DATA SECTION:
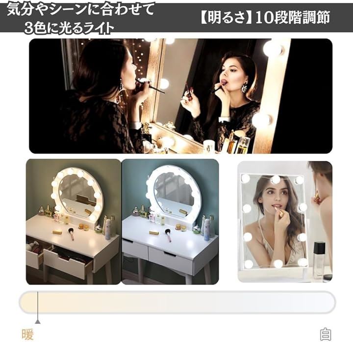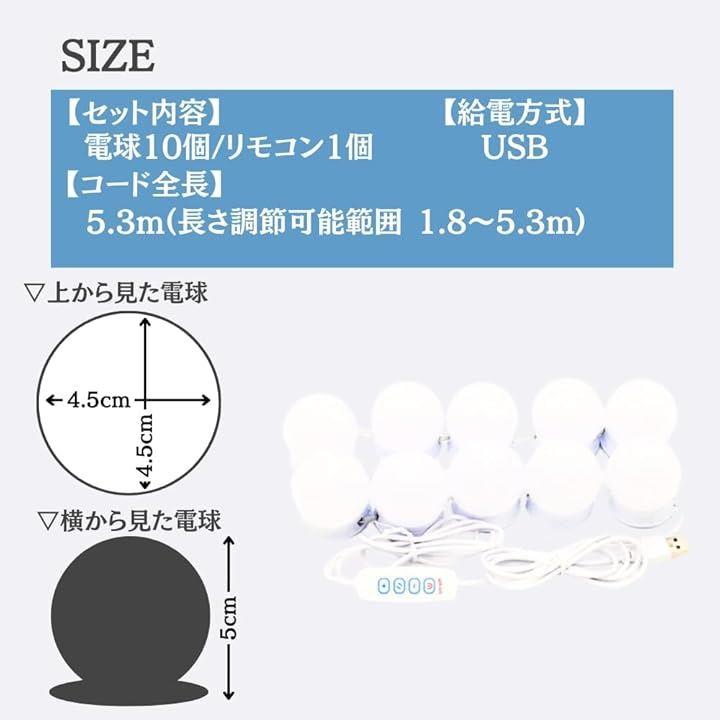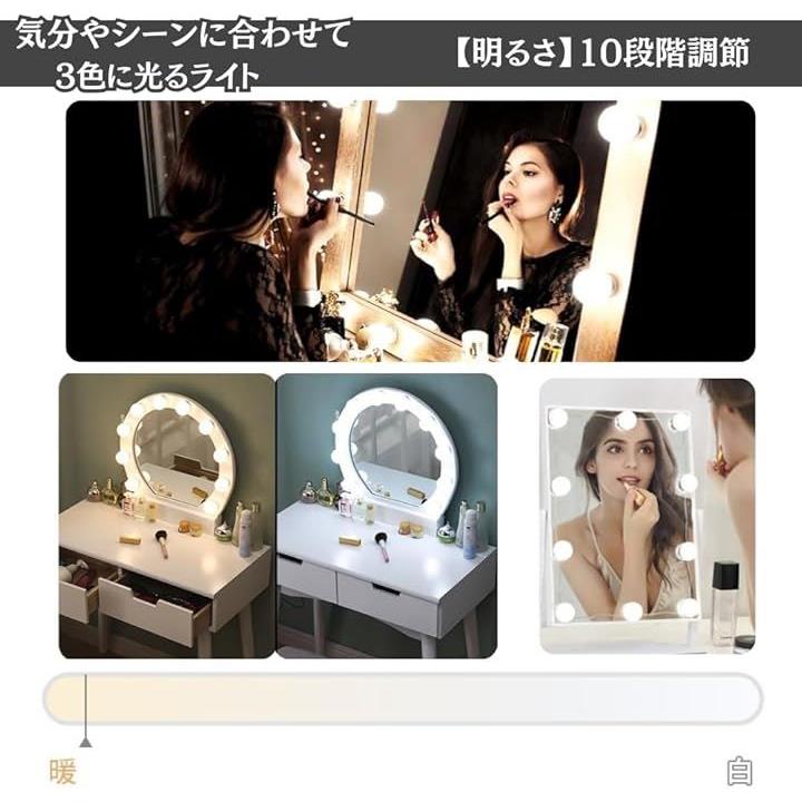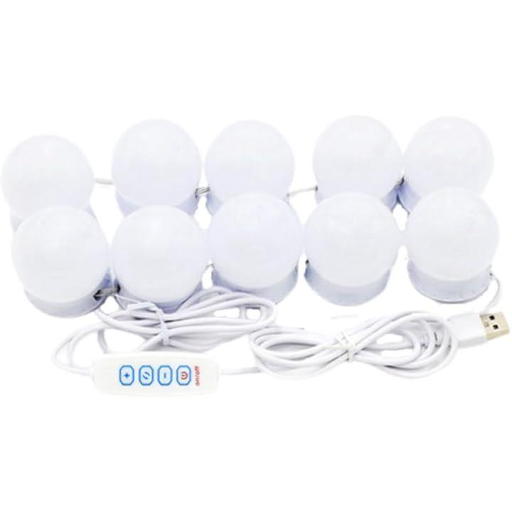 女優ライト 後付け ドレッサー LED ミラーライト USB給電 3色電球 明るさ10段階 電球10個セット
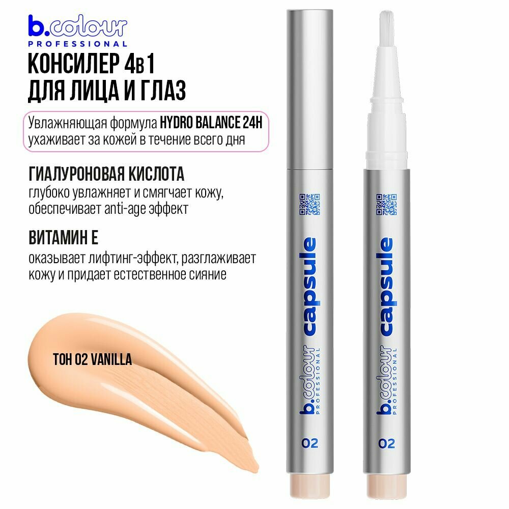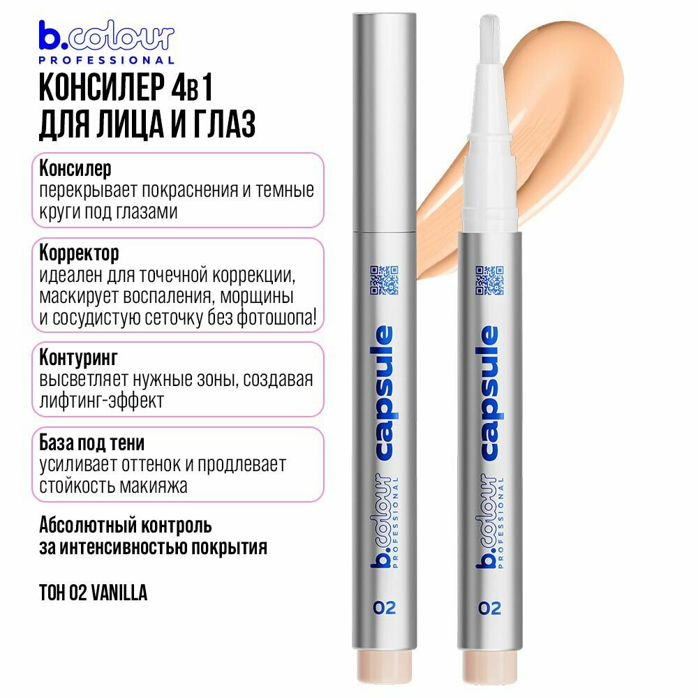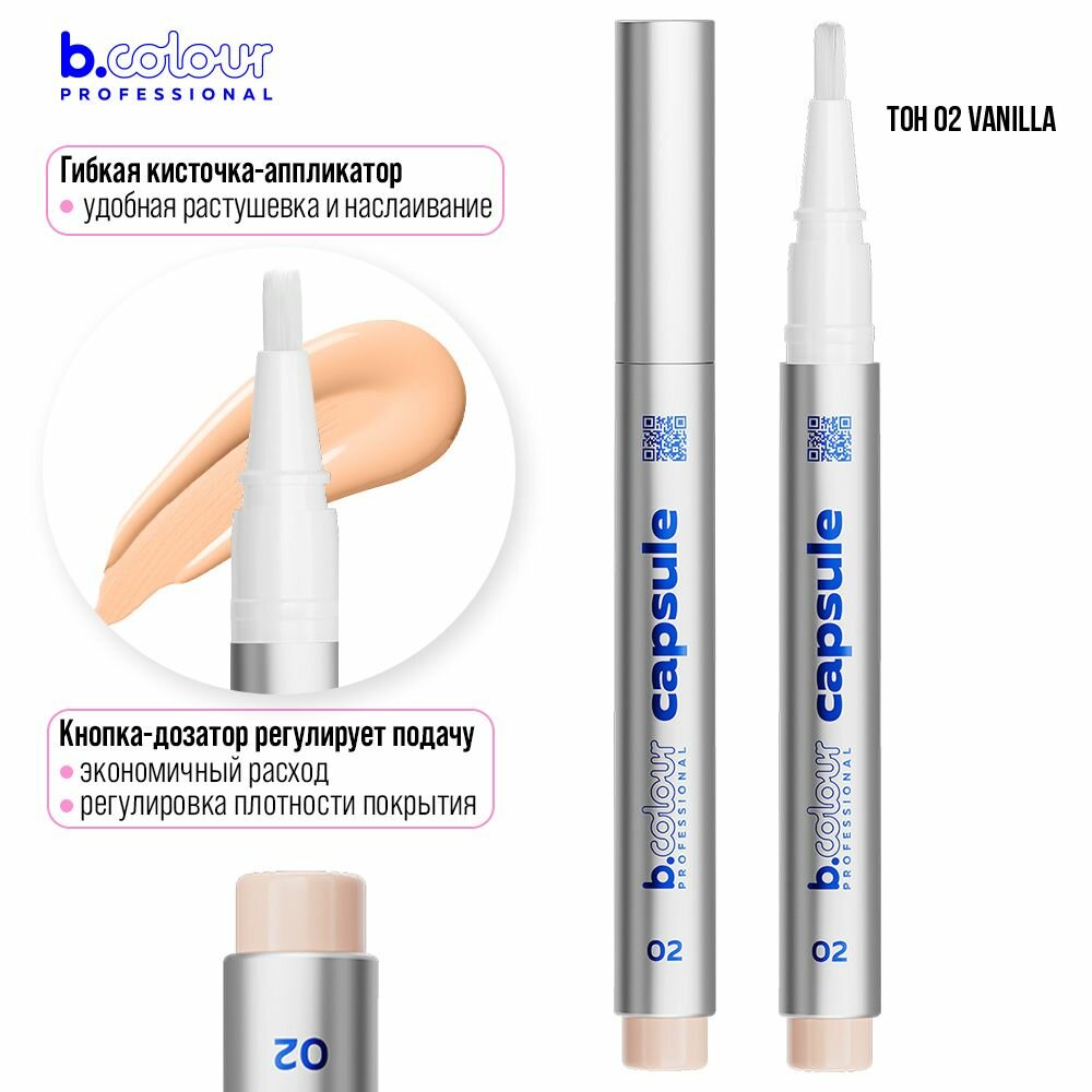 B.COLOUR PROFESSIONAL Консилер для лица, корректор от темных кругов, увлажняющий, светлый CAPSULE 02 VANILLA
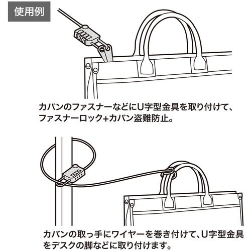 ワイヤーとダイヤル錠が一体型になっており、持ち運びに便利です。ワイヤーとダイヤル錠が一体になったセキュリティーワイヤーです。外出時や新幹線などでの移動時に、バッグの盗難を防ぐことが出来ます。 |

YOUR ASSIGNMENT:
What do the lines above say from the line containing "B.COLOUR PROFESSIONAL Консилер" through the last line? Quote them exactly, both ends included, and leave out the pictures.

COMPLETED TASK:
 B.COLOUR PROFESSIONAL Консилер для лица, корректор от темных кругов, увлажняющий, светлый CAPSULE 02 VANILLA
 ワイヤーとダイヤル錠が一体型になっており、持ち運びに便利です。ワイヤーとダイヤル錠が一体になったセキュリティーワイヤーです。外出時や新幹線などでの移動時に、バッグの盗難を防ぐことが出来ます。 |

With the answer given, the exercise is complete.